Evre 4a: Kanser çevre dokulara yayılmıştır ve çoğunlukla fiksedir. Kanser yakın lenf düğümlerini tutmuştur. Yakın dokularda yayılımı bulunabilir.
Prostat kanseri tedavisi için tanı ve teşhis yapıldıktan sonra hastalığa bağlı etkenler(evre, yaygınlık) ve hastanın durumu göz önünde bulundurularak planlama yapılır. Bu tedavi yöntemleri; ameliyat, radyoterapi, hormonterapi şeklinde çeşitli şekilde olabilmektedir.
Günümüzün teknolojisi ve tarama testleri sayesinde prostat kanseri erken evrelerde tespit edilebilmektedir. Henüz çevreye yayılmamış erken evre prostat kanseri tedavisinde en sık tercih edilen yöntem cerrahi tedavi olmaktadır. İhtiyaç halinde hormon terapisi ve radyoterapi ile de desteklenebilmektedir.

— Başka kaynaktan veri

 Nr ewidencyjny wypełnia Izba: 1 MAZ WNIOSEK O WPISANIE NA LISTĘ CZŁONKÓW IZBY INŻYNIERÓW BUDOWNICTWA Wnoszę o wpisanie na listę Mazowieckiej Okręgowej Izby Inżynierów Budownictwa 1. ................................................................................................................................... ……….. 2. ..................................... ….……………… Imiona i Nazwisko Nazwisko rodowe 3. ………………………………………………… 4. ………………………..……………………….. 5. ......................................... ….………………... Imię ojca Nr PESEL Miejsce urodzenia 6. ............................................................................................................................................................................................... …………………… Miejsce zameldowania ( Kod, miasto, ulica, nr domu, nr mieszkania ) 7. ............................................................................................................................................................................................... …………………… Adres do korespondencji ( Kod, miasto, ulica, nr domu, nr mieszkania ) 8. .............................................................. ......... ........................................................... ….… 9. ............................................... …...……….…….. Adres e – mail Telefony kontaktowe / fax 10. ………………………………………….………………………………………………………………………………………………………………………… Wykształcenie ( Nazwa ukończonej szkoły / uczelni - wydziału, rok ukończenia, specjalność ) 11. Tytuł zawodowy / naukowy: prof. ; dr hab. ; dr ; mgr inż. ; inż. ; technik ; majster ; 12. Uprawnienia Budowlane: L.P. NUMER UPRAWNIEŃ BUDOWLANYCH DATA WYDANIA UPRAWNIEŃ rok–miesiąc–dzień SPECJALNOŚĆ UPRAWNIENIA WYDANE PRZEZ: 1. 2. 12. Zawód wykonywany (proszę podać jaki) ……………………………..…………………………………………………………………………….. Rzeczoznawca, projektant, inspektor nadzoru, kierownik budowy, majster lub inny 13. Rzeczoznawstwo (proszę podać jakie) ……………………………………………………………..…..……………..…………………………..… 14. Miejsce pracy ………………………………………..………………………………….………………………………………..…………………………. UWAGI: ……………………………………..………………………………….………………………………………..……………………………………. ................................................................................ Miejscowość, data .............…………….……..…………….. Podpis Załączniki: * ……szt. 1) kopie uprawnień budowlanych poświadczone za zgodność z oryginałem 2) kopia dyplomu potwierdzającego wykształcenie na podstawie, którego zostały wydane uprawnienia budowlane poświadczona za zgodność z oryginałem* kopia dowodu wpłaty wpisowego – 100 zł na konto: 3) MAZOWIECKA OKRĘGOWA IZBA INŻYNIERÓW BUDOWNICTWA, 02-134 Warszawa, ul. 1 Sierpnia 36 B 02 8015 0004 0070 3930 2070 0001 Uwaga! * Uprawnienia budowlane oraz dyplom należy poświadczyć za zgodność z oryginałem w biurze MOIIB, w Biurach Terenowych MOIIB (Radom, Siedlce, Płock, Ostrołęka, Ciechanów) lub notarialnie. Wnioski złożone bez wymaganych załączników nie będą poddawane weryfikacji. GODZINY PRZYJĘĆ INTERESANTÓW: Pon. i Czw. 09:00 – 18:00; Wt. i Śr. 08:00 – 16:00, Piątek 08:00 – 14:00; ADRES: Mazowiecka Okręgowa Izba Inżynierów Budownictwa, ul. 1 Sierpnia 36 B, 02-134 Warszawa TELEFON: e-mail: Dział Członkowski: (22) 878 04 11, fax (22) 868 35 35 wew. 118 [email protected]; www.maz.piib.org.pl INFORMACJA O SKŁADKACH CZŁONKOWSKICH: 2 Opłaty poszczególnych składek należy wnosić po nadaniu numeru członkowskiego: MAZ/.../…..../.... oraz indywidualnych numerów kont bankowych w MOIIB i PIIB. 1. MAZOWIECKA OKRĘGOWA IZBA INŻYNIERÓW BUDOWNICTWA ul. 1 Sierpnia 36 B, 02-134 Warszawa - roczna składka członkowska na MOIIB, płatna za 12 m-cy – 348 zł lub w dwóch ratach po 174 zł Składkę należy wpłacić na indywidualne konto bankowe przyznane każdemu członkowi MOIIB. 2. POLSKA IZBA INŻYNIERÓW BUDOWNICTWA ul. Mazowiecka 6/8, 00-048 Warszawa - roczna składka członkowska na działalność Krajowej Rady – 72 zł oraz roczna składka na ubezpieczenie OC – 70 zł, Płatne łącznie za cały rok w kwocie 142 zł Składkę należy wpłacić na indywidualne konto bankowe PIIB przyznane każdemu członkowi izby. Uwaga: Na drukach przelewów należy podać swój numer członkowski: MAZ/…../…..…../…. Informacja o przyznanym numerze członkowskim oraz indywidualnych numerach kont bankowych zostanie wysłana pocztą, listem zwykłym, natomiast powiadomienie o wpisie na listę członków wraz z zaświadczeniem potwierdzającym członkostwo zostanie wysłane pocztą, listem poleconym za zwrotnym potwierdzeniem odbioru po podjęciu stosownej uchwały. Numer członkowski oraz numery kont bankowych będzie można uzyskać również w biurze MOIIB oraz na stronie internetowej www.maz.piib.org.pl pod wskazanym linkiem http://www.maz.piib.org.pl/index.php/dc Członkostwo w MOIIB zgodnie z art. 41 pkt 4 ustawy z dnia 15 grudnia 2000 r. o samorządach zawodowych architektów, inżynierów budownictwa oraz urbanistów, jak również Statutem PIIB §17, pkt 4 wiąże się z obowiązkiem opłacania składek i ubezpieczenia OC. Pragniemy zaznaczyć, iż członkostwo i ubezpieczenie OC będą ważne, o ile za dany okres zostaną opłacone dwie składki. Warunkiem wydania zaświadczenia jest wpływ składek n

Prostat kanseri tedavisi, yukarıda da belirttiğimiz gibi kanserin durumu ve hastanın durumu gibi çeşitli faktörlere bağlı olarak planmakta ve yapılmaktadır, işte bu tedaviler aşağıdaki gibi olmaktadır;
Nanoknife
Nanoknife yöntemi küçük hacimli ve düşük riskli prostat kanserleri tedavisinde tercih edilmektedir. Prostat kanseri tedavisi haricinde bazı karaciğer ve pankreas tümörlerinde de güvenle kullanılabilen bir yöntemdir. Bu yöntemde 3-4 adet özel elektrot ultrason yardımı ile prostattaki tümörün çevresine yerleştirilir ve bu elektrotlar vasıtasıyla çok yüksek dozda (3000 volt – 50 amper) kısa süreli akım uygulanır. Bu uygulama ile tümör hücreleri canlılıklarını yitirir. Bu yöntemin uygulanması dokularda ısı değişikliğine neden olmadığı için sinirlere ve üretraya yakın tömürlerde de güvenle uygulanabilmektedir.
Bu yöntemde sadece prostattaki kanserli hücreler eleminize edildiği için ilerleyen zamanda prostat dokusunun başka bir yerinden kanser gelişme riski bulunmaktadır. Eğer böyle bir durum gelişmesi olursa o zaman cerrahi yada radyoterapi tedavileri tercih edilir. Bu yöntemin amacı cerrahi ya da radyoterapi gibi tedavilerin ertelenmesini sağlamak ve bu tedavilerden olası bazı yan etkilerinin de ertelenmesini sağlamaktır.
Cerrahi Tedavi – Radikal Prostatektomi
Yayılım göstermeyen prostat kanseri hastalarında tercih edilen ve prostatın cerrahi olarak çıkarılması işlemidir. Bu işleme radikal prostatektomi ameliyatı denmektedir. Bu operasyonu geçiren düşük dereceli tümöre sahip hastaların sağ kalım oranları 10 yıllık süreç boyunca %90’nın üzerindedir. Ayrıca prostat çıkarılması sırasında idrar tutmaya yarayan yapılara ve sinirlere zarar verilmemesi oldukça önemlidir.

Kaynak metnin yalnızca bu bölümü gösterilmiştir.